The Windows Defender team recently updated the malware encyclopedia with a new ransomware threat, Ransom:Win32/Tibbar (also known as Bad Rabbit). This update includes comprehensive guidance on mitigating the new threat. Microsoft antimalware solutions, including Windows Defender Antivirus and Microsoft Antimalware for Azure services and virtual machines, were updated to detect and protect against this threat.
This post summarizes additional measures that you can take to prevent and detect this threat for workloads running in Azure through Azure Security Center. Get more information on enabling Azure Security Center.
Prevention
Azure Security Center scans your virtual machines and servers to assess the endpoint protection status. Issues without sufficient protection are identified in Compute, along with any related recommendations.
Drilling into the Compute pane, or the overview recommendations pane, shows more details including the Endpoint Protection installation recommendation, as shown below.
Clicking on this leads to a dialog allowing selection and installation of an endpoint protection solution, including Microsoft’s own antimalware solution for Azure services and virtual machines, which will help protect against such ransomware threats.

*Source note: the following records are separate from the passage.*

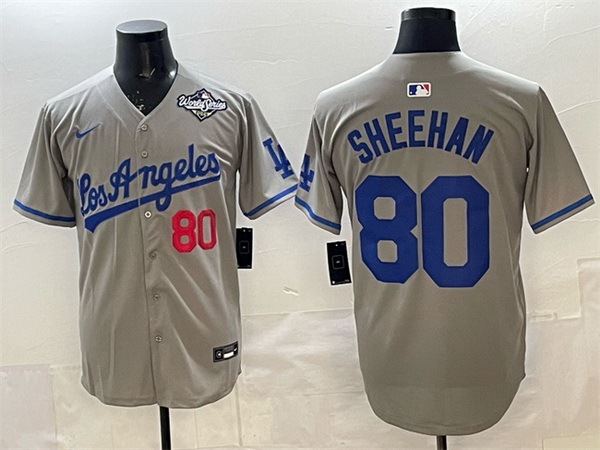 Home>MLB>Los Angeles Dodgers>Men>Men Los Angeles Dodgers 80 Emmet Sheehan Grey 2025 World Series Patch Limited Stitched Baseball Jersey
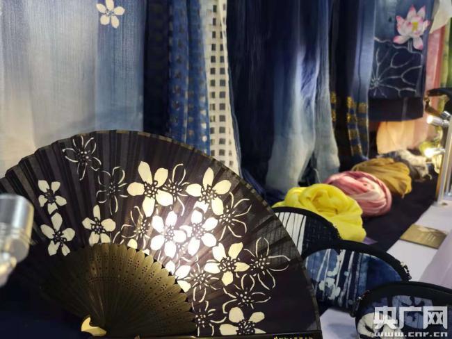 參展的藍(lán)染布藝展品。 (央廣網(wǎng)記者 杜蘇閩 攝)
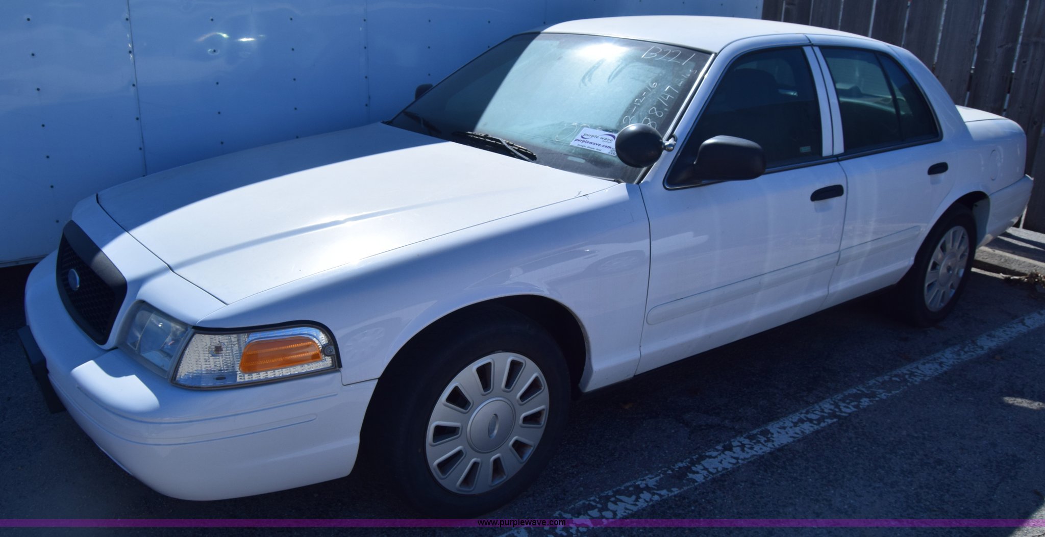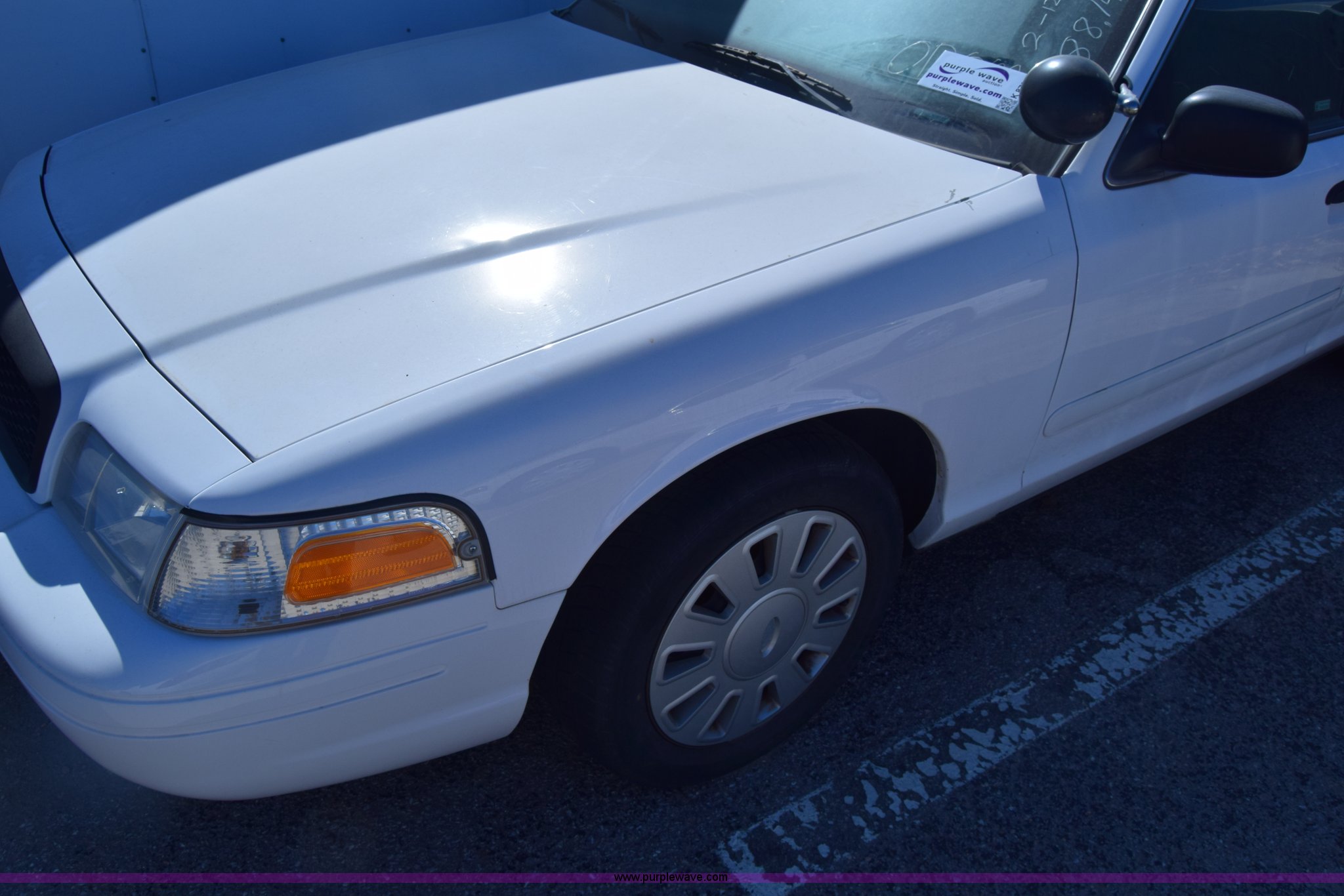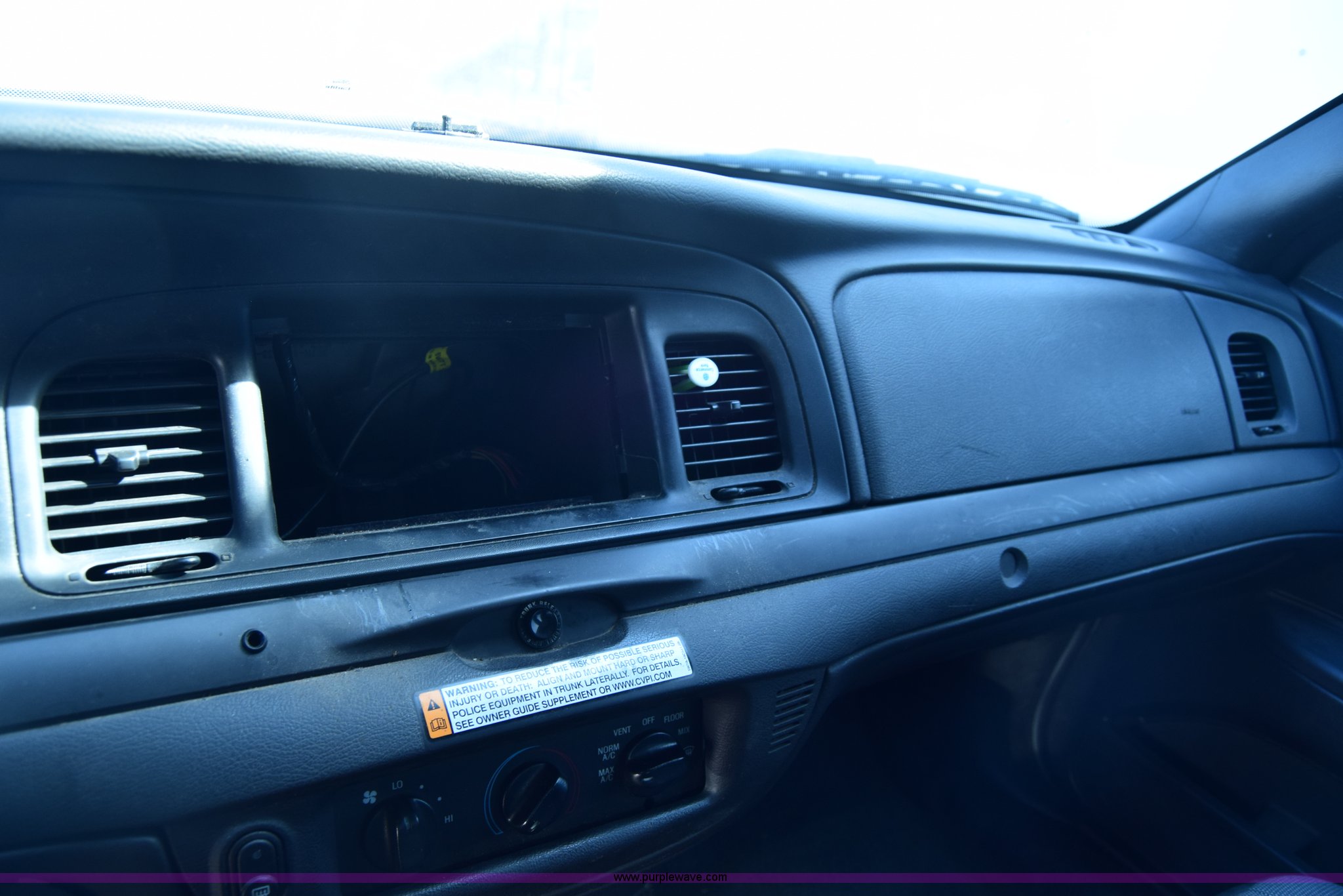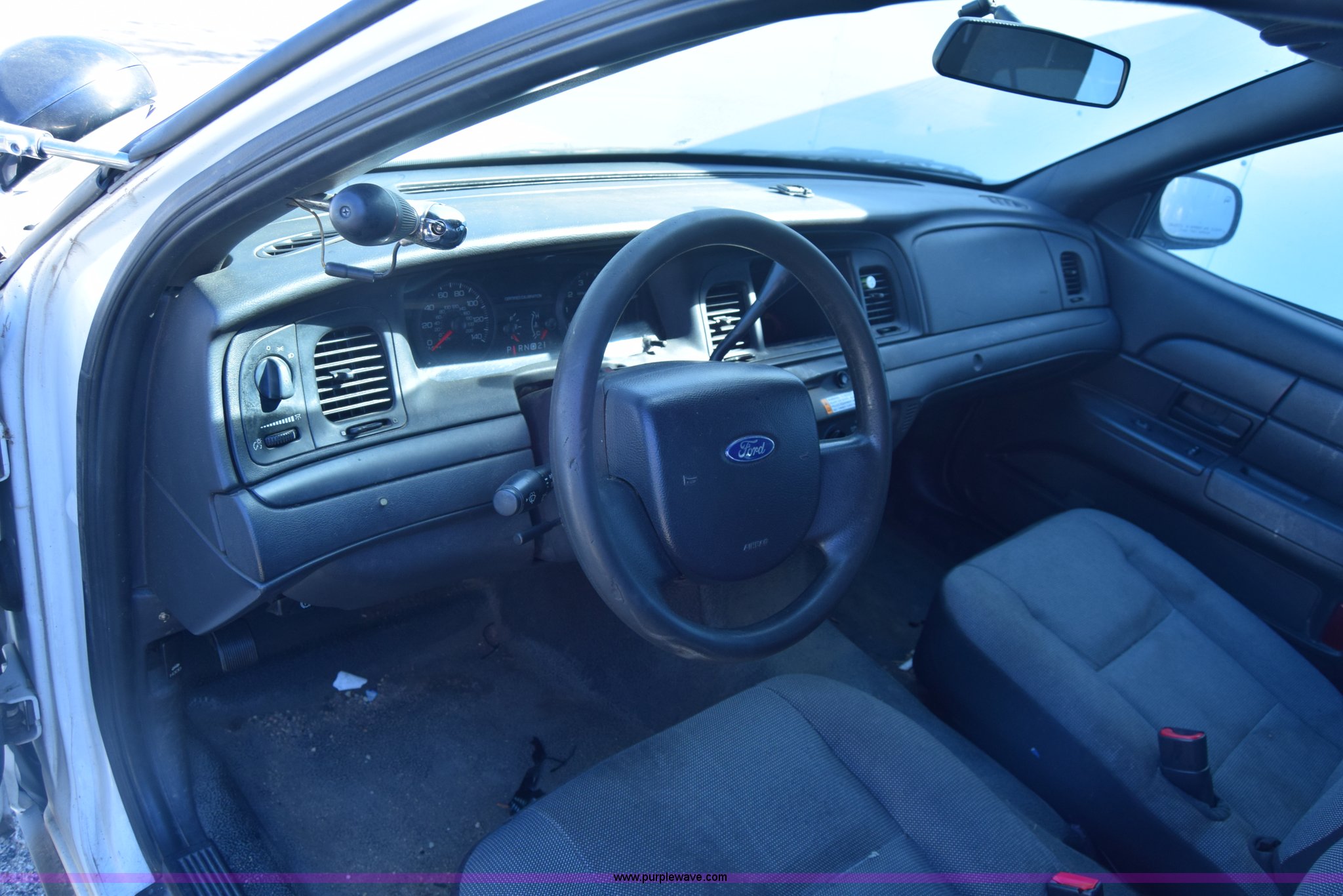 Purple Wave is selling a used Passenger Vehicle in Kansas. This item is a 2008 Ford Crown Victoria Police Interceptor with the following: Unknown miles on odometer, Odometer inoperable, 4.6L V8 SOHC 16V FFV gas engine, Automatic transmission, AC and heat, Tilt, Cruise, Power windows, locks, and mirrors, Cloth interior, 235/55R17 tires, Interior/exterior cosmetic damage, Dents, Scratches, Port holes, Weak battery, Stereo has been removed, Paint peeling

These recommendations and associated mitigation steps are available to Azure Security Center Free tier customers.
Detection
Azure Security Center customers who have opted into the Standard-Tier also benefit from generic and specific detections related to the Ransom:Win32/Tibbar.A (Bad Rabbit) ransomware. These alerts are accessed via the Detection pane highlighted below, and require the Azure Security Center Standard tier.
For example, generic alerts related to ransomware include:
- Event log clearing which ransomware, such as Bad Rabbit, performs
- Deleting shadow copies to prevent customers from recovering data. An example is shown below:
In addition, Azure Security Center has updated its ransomware detection with specific IOCs related to Bad Rabbit.
You should follow the remediation steps detailed in the alert, namely:
- Run a full anti-malware scan and verify that the threat was removed.
- Install and run Microsoft Safety Scanner.
- Perform these actions preemptively on other hosts in your network.
Although the alert relates to a specific host, sophisticated ransomware tries to propagate to other nearby machines. It is important to apply these remediation steps to protect all hosts on the network, not just the host identified in the alert.